## Task to complete:
Restate the entries below in full, exactly as they read, but without pictures.
######
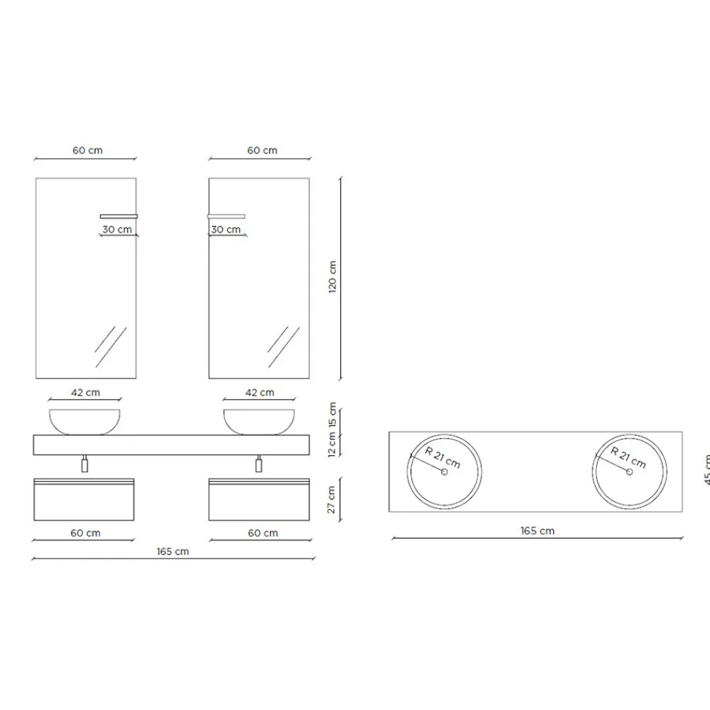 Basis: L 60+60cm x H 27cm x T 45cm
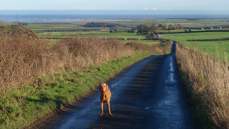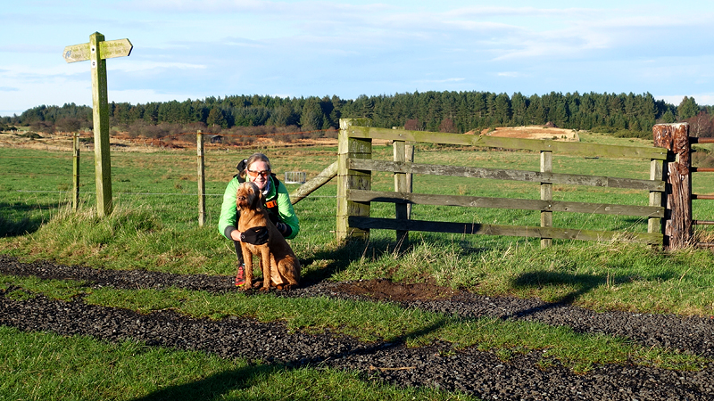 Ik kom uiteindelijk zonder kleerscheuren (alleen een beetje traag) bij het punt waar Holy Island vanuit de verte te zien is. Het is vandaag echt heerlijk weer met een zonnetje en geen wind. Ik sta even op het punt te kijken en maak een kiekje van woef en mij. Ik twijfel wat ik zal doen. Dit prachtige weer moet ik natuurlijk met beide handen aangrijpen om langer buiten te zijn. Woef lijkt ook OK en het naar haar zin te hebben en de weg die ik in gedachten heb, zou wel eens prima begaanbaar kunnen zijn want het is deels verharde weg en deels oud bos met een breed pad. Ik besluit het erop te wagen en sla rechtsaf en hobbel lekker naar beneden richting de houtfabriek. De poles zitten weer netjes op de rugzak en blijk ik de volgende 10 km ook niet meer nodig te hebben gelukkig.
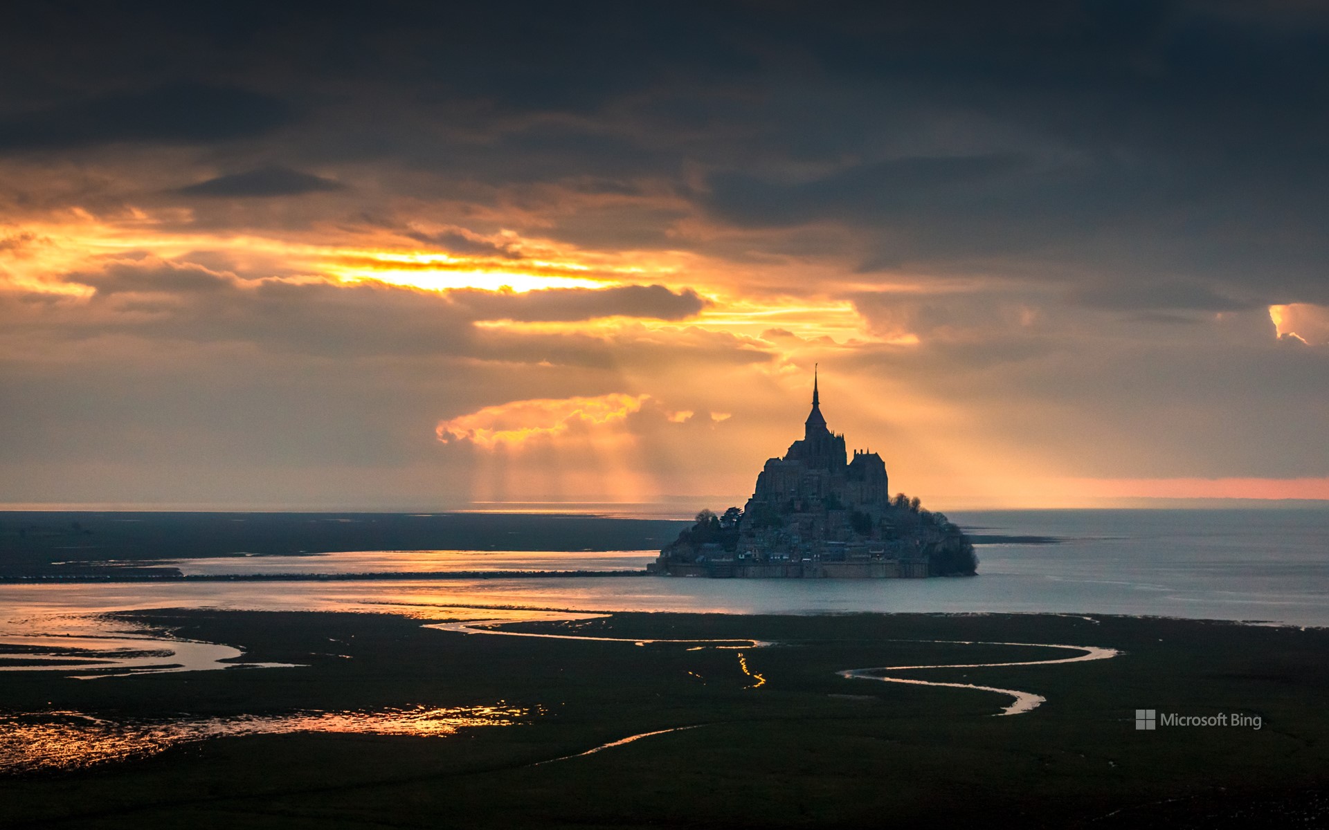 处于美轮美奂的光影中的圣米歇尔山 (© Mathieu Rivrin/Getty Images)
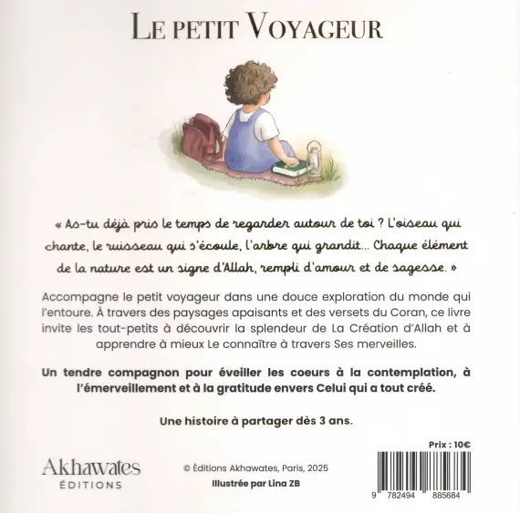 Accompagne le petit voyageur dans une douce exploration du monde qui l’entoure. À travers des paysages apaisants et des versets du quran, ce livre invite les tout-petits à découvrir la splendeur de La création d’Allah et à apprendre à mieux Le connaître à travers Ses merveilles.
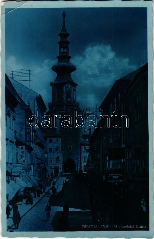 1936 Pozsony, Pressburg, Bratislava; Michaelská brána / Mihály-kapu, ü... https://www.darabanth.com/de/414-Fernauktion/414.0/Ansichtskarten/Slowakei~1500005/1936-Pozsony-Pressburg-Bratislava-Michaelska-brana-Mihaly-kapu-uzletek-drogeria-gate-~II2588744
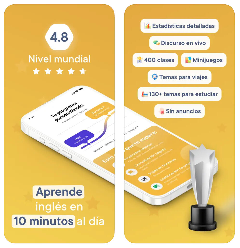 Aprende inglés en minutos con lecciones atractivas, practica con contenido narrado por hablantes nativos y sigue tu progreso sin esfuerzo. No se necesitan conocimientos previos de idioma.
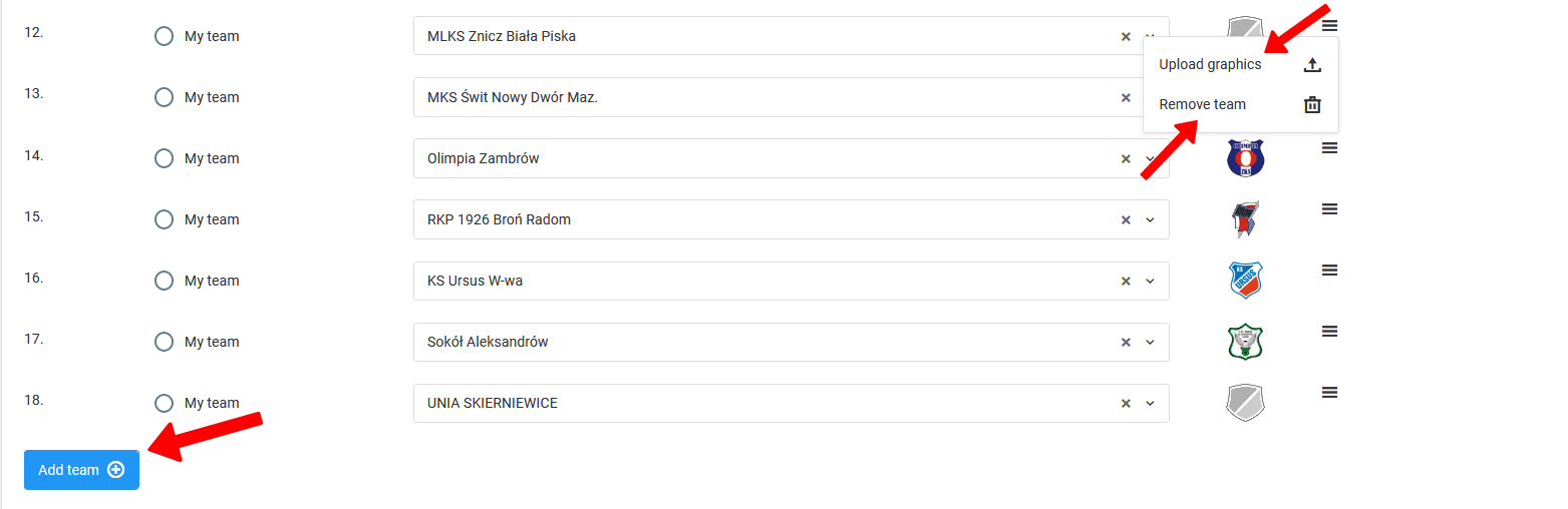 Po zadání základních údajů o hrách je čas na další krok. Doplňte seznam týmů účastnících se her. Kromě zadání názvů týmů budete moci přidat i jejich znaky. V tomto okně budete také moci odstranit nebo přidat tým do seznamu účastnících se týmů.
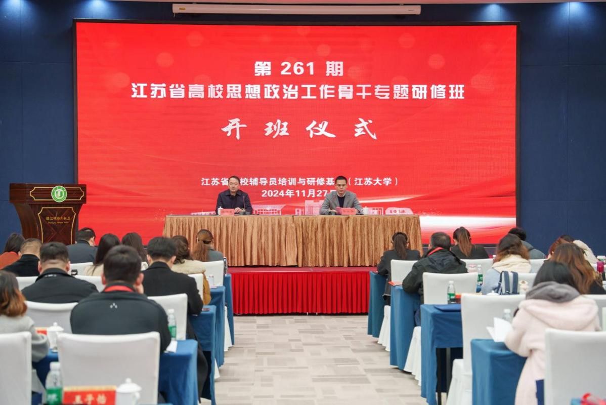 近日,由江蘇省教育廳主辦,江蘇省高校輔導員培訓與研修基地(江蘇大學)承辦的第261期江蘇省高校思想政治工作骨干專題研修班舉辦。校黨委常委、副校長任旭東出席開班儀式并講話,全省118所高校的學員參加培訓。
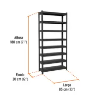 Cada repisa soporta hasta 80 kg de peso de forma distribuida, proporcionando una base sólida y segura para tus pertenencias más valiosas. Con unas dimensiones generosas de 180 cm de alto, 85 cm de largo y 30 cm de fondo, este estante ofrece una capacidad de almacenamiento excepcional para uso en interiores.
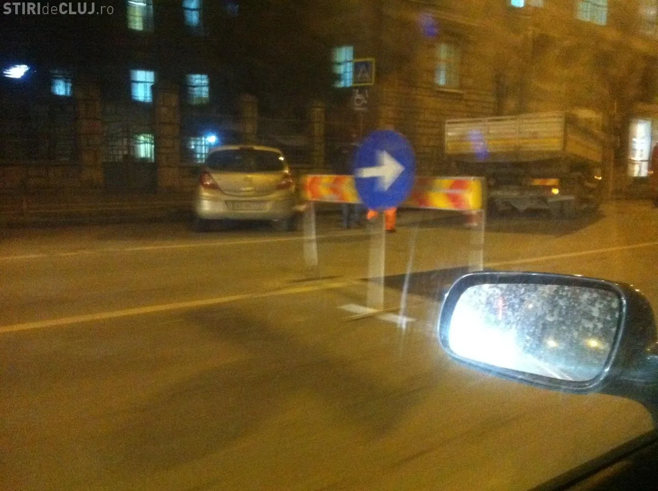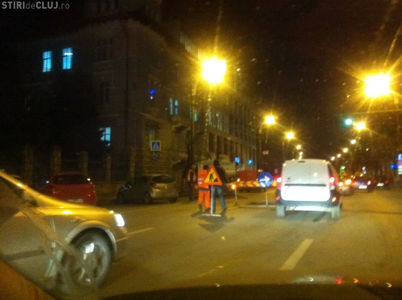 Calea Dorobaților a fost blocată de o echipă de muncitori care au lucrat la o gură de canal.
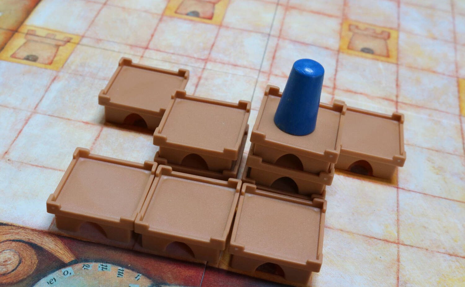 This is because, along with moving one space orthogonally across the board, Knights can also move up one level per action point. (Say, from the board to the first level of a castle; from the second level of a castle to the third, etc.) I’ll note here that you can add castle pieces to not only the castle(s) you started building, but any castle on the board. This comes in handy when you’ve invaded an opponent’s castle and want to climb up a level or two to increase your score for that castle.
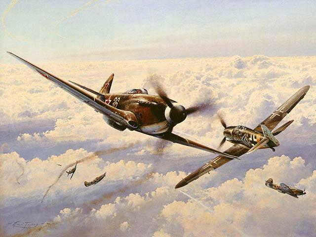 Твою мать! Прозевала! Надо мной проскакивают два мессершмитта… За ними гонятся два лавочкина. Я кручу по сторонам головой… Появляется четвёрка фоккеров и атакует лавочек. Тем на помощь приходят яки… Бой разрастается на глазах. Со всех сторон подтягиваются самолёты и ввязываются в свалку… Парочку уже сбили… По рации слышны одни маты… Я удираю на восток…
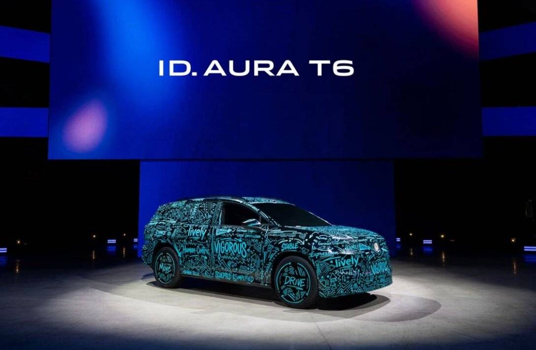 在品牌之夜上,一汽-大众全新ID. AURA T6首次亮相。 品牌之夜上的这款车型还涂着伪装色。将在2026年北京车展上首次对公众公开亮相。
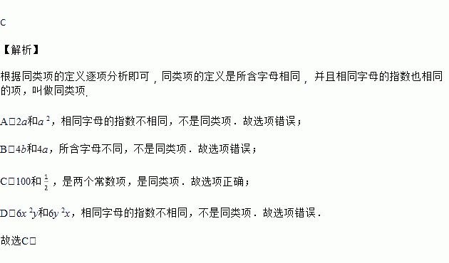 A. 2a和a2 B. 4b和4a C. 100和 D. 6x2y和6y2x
######
## Response to this exercise:
 Basis: L 60+60cm x H 27cm x T 45cm
 Ik kom uiteindelijk zonder kleerscheuren (alleen een beetje traag) bij het punt waar Holy Island vanuit de verte te zien is. Het is vandaag echt heerlijk weer met een zonnetje en geen wind. Ik sta even op het punt te kijken en maak een kiekje van woef en mij. Ik twijfel wat ik zal doen. Dit prachtige weer moet ik natuurlijk met beide handen aangrijpen om langer buiten te zijn. Woef lijkt ook OK en het naar haar zin te hebben en de weg die ik in gedachten heb, zou wel eens prima begaanbaar kunnen zijn want het is deels verharde weg en deels oud bos met een breed pad. Ik besluit het erop te wagen en sla rechtsaf en hobbel lekker naar beneden richting de houtfabriek. De poles zitten weer netjes op de rugzak en blijk ik de volgende 10 km ook niet meer nodig te hebben gelukkig.
 处于美轮美奂的光影中的圣米歇尔山 (© Mathieu Rivrin/Getty Images)
 Accompagne le petit voyageur dans une douce exploration du monde qui l’entoure. À travers des paysages apaisants et des versets du quran, ce livre invite les tout-petits à découvrir la splendeur de La création d’Allah et à apprendre à mieux Le connaître à travers Ses merveilles.
 1936 Pozsony, Pressburg, Bratislava; Michaelská brána / Mihály-kapu, ü... https://www.darabanth.com/de/414-Fernauktion/414.0/Ansichtskarten/Slowakei~1500005/1936-Pozsony-Pressburg-Bratislava-Michaelska-brana-Mihaly-kapu-uzletek-drogeria-gate-~II2588744
 Aprende inglés en minutos con lecciones atractivas, practica con contenido narrado por hablantes nativos y sigue tu progreso sin esfuerzo. No se necesitan conocimientos previos de idioma.
 Po zadání základních údajů o hrách je čas na další krok. Doplňte seznam týmů účastnících se her. Kromě zadání názvů týmů budete moci přidat i jejich znaky. V tomto okně budete také moci odstranit nebo přidat tým do seznamu účastnících se týmů.
 近日,由江蘇省教育廳主辦,江蘇省高校輔導員培訓與研修基地(江蘇大學)承辦的第261期江蘇省高校思想政治工作骨干專題研修班舉辦。校黨委常委、副校長任旭東出席開班儀式并講話,全省118所高校的學員參加培訓。
 Cada repisa soporta hasta 80 kg de peso de forma distribuida, proporcionando una base sólida y segura para tus pertenencias más valiosas. Con unas dimensiones generosas de 180 cm de alto, 85 cm de largo y 30 cm de fondo, este estante ofrece una capacidad de almacenamiento excepcional para uso en interiores.
 Calea Dorobaților a fost blocată de o echipă de muncitori care au lucrat la o gură de canal.
 This is because, along with moving one space orthogonally across the board, Knights can also move up one level per action point. (Say, from the board to the first level of a castle; from the second level of a castle to the third, etc.) I’ll note here that you can add castle pieces to not only the castle(s) you started building, but any castle on the board. This comes in handy when you’ve invaded an opponent’s castle and want to climb up a level or two to increase your score for that castle.
 Твою мать! Прозевала! Надо мной проскакивают два мессершмитта… За ними гонятся два лавочкина. Я кручу по сторонам головой… Появляется четвёрка фоккеров и атакует лавочек. Тем на помощь приходят яки… Бой разрастается на глазах. Со всех сторон подтягиваются самолёты и ввязываются в свалку… Парочку уже сбили… По рации слышны одни маты… Я удираю на восток…
 在品牌之夜上,一汽-大众全新ID. AURA T6首次亮相。 品牌之夜上的这款车型还涂着伪装色。将在2026年北京车展上首次对公众公开亮相。
 A. 2a和a2 B. 4b和4a C. 100和 D. 6x2y和6y2x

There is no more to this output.